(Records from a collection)
____________

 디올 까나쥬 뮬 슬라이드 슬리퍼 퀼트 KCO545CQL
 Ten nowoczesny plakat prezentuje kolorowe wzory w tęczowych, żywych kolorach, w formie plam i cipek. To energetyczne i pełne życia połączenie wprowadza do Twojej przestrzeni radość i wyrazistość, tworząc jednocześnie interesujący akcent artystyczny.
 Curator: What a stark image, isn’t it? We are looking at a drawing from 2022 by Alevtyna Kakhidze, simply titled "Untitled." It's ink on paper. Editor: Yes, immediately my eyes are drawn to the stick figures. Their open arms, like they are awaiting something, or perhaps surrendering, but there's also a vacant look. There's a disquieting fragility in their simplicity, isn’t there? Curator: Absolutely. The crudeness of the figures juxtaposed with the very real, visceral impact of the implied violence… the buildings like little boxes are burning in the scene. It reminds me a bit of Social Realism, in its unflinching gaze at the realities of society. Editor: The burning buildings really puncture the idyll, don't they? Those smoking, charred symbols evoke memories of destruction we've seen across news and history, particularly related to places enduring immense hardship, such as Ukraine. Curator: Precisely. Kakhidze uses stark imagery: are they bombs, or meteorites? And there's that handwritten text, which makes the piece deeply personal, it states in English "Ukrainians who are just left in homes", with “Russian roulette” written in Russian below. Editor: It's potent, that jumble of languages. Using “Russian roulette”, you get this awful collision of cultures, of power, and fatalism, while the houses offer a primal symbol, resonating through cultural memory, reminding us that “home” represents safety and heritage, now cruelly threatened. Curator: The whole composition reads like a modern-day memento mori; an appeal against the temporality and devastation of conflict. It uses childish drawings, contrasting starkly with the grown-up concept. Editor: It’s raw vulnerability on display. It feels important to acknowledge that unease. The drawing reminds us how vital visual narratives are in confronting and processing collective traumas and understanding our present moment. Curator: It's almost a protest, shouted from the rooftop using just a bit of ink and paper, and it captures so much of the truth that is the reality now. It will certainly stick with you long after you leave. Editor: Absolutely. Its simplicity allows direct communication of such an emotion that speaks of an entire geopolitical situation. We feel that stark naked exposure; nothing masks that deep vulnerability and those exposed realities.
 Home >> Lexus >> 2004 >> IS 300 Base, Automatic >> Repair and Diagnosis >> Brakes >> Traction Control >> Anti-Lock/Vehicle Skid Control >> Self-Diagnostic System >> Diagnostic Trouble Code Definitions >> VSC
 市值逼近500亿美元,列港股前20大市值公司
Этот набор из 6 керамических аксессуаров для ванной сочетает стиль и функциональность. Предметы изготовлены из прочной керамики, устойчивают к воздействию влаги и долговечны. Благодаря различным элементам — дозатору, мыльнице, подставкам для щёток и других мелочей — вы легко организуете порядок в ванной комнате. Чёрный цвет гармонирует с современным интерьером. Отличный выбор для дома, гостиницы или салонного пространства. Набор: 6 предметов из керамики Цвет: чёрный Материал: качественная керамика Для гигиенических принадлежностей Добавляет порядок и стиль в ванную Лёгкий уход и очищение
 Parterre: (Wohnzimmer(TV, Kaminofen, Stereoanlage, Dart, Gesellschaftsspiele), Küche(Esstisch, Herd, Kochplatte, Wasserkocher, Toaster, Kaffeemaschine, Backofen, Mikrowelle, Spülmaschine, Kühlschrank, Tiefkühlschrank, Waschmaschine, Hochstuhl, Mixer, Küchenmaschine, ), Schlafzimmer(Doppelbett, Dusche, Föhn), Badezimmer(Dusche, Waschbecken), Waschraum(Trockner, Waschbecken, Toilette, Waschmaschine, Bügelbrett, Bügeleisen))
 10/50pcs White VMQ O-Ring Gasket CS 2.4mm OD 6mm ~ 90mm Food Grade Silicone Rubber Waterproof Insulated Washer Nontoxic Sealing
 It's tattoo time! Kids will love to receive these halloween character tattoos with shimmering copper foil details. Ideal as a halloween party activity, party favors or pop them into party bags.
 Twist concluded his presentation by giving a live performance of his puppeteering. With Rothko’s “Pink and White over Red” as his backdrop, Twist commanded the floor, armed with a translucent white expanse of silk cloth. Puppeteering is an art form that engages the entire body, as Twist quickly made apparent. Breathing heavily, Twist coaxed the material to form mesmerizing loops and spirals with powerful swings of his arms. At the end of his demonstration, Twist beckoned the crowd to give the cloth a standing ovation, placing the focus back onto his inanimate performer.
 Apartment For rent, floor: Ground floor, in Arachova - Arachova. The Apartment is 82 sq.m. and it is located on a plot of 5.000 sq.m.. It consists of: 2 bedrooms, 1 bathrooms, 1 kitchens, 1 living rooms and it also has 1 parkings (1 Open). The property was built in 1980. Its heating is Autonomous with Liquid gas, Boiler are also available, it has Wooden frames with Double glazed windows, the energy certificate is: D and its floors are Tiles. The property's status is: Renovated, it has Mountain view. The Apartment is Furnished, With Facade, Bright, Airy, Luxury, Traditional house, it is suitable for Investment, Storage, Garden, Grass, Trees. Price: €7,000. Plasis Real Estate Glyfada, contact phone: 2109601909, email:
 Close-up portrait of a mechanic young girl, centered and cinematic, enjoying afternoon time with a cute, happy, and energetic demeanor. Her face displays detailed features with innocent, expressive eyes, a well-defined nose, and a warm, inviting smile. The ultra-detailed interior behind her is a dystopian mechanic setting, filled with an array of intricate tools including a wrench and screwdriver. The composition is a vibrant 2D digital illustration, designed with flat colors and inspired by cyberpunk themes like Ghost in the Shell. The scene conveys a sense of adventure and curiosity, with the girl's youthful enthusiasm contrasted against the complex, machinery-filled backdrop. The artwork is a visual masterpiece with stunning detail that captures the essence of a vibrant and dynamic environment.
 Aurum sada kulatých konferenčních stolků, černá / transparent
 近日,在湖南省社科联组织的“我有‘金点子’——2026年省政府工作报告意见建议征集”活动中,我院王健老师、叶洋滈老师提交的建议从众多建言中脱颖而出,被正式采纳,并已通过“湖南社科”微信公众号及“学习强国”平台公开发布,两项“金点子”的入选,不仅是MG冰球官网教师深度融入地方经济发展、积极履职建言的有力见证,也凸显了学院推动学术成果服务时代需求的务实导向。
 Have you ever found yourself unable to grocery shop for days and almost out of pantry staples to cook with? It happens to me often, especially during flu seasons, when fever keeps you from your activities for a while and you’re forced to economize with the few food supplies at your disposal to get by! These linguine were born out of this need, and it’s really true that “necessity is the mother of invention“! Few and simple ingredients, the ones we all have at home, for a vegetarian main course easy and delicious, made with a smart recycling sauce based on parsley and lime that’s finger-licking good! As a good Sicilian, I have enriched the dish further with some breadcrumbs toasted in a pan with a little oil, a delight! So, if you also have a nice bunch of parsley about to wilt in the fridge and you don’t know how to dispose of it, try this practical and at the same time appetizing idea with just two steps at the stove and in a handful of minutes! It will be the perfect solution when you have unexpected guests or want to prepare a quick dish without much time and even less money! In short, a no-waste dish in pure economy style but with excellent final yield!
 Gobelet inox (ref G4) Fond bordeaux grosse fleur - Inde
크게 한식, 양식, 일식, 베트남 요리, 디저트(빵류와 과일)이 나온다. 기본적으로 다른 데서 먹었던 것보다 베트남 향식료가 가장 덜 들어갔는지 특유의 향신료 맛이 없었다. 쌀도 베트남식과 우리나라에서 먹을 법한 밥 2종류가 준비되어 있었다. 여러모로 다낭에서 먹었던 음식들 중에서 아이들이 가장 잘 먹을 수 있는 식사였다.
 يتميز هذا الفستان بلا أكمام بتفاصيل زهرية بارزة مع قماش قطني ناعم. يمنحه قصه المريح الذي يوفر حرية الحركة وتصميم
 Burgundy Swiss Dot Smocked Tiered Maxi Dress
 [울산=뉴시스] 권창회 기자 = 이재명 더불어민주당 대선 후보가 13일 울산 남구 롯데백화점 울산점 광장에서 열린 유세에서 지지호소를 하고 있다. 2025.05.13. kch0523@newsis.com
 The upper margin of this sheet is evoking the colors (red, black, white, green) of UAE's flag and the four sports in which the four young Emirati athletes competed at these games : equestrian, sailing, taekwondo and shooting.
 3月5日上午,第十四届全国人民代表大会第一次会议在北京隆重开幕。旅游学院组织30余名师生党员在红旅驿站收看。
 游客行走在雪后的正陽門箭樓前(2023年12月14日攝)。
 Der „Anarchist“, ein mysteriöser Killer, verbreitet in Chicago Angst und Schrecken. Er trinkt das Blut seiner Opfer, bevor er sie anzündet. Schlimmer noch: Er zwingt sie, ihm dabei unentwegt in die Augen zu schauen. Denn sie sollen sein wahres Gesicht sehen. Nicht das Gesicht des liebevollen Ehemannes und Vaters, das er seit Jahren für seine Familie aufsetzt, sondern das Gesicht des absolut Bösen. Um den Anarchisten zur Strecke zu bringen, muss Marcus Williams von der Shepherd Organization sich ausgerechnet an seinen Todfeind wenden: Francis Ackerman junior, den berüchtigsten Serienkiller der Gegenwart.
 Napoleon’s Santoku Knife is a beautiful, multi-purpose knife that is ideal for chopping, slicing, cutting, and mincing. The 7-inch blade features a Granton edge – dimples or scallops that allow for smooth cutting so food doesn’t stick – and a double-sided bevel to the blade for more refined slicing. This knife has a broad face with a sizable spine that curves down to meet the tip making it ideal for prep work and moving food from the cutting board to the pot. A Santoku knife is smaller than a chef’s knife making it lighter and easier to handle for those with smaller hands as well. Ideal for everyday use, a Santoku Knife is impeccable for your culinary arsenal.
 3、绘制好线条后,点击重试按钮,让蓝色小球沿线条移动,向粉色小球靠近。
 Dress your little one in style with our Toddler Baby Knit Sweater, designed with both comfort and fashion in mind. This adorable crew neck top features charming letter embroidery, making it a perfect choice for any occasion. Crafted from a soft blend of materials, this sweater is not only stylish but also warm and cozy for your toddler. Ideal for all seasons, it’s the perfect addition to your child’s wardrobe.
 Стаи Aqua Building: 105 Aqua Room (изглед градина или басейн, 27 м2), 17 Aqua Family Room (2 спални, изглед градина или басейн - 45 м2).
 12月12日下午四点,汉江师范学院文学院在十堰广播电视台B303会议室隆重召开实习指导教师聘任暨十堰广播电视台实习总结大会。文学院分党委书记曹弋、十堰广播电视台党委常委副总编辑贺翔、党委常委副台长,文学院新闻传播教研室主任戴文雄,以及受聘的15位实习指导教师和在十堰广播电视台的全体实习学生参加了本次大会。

____________

WHAT THE TASK REQUIRES = Copy out each line of the data containing the string "Dress".

TASK OUTPUT =
 Burgundy Swiss Dot Smocked Tiered Maxi Dress
 Dress your little one in style with our Toddler Baby Knit Sweater, designed with both comfort and fashion in mind. This adorable crew neck top features charming letter embroidery, making it a perfect choice for any occasion. Crafted from a soft blend of materials, this sweater is not only stylish but also warm and cozy for your toddler. Ideal for all seasons, it’s the perfect addition to your child’s wardrobe.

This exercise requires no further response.